Sunday, April 17, 2011

"I can just as well pray in the forest, in the freedom of nature."

"But against that could then rightly be voiced the objection that is always to be heard:  I can just as well pray in the forest, in the freedom of nature.  Certainly, anyone can.  But if it were only a matter of that, then the initiative in prayer would lie entirely with us; then God would be a mental hypothesiswhether he answers, whether he can answer or wants to, would remain open.  The Eucharist means, God has answered:  The Eucharist is God as an answer, as an answering presence.  Now the initiative no longer lies with us, in the God-man relationship, but with him, and it now becomes really serious.  That is why, in the sphere of eucharistic adoration, prayer attains a new level; now it is two-way, and so now it really is a serious business.  Indeed, it is now not just two-way, but all-inclusive:  whenever we pray in the eucharistic presence, we are never alone.  Then the whole of the Church, which celebrates the Eucharist, is praying with us.  Then we are praying within the sphere of God's gracious hearing, because we are praying within the sphere of death and resurrection, that is, where the real petition in all our petitions has been heard:  the petition for the victory over death; the petition for the love that is stronger than death."

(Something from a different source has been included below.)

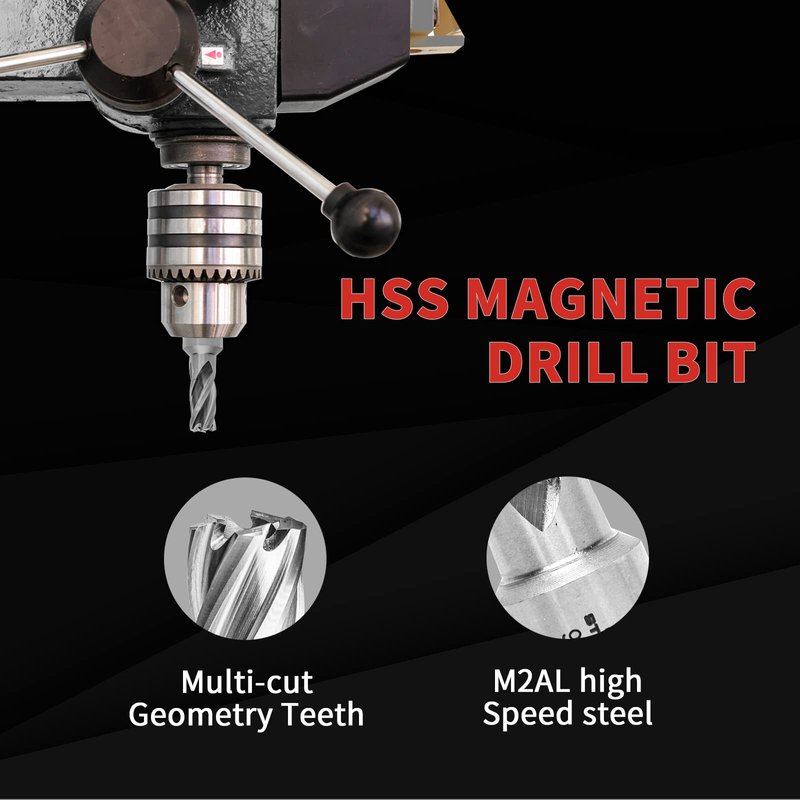 - CNC-machined high precision annular drill bit set with 3/4 inch Weldon shank (with 2 flats) for secure clamping and edge finish designed for smooth, reamed, burr-free edges of drilled holes. Use a firm steady pressure throughout the cut for best results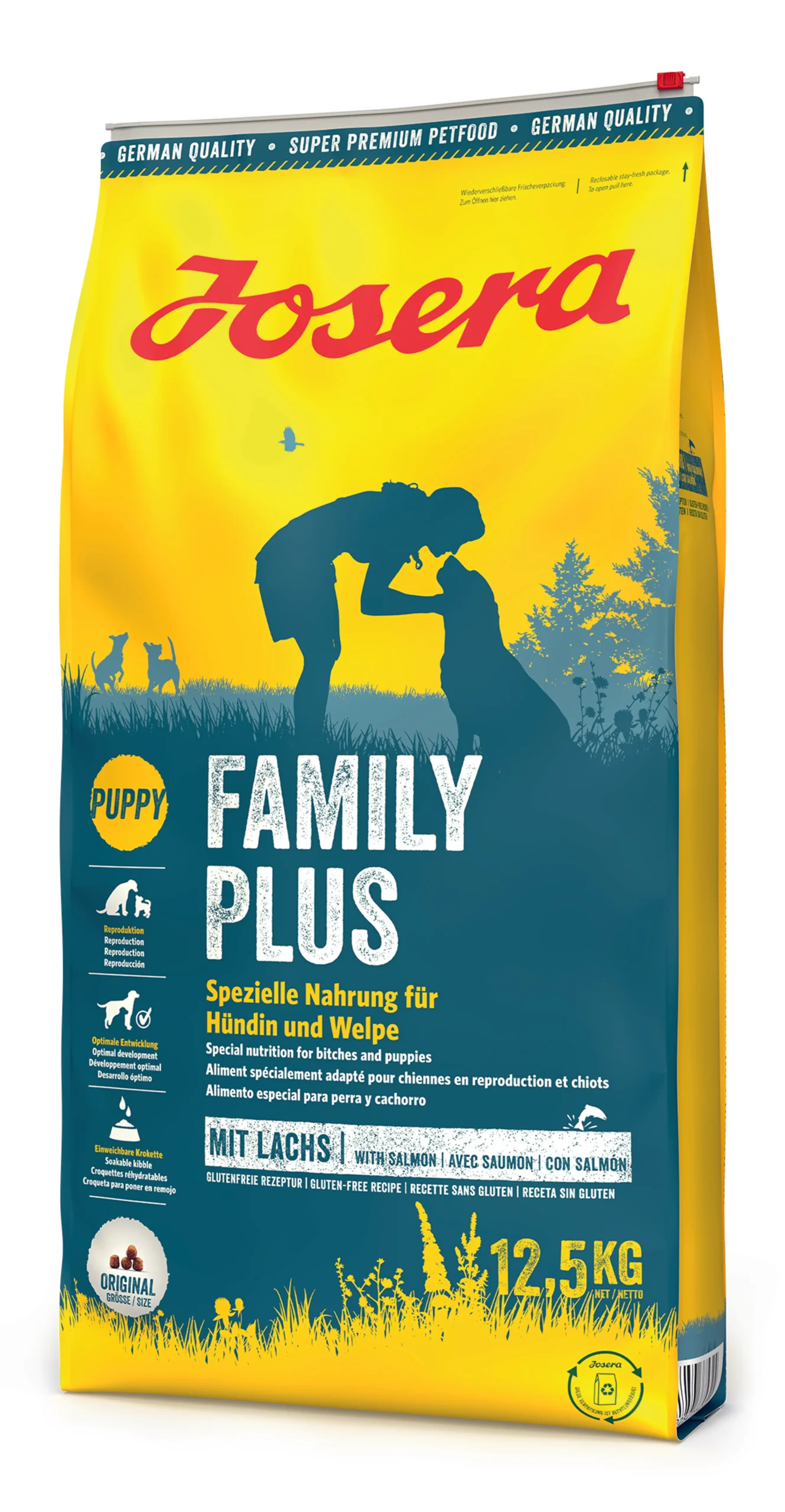 Tasty food for our mothers-to-be and puppies: The special formula not only covers a bitch‘s special requirement from the last trimester of pregnancy until the end of the nursing period. It also supplies unborn puppies with all the necessary nutrients and continues to do so during the nursing period. After this, nutritious kibbles can be softened in JOSERA puppy milk or water to help wean the puppies onto solid food.

Joseph Cardinal Ratzinger, "The presence of the Lord in the sacrament" (1978), in God is near us:  the Eucharist, the heart of life, ed. Stephan Otto Horn and Vinzenz Pfnür, trans. Henry Taylor (San Francisco, CA:  Ignatius Press, 2003), 90-91 (74-93).  This goes to the heart of all authentically Christian prayer.  All prayer, insofar as it is Christian, is built on the confidence that "God has answered," and the Real Presence is the most concretely sacramental form of "God as answer" that we have in this life.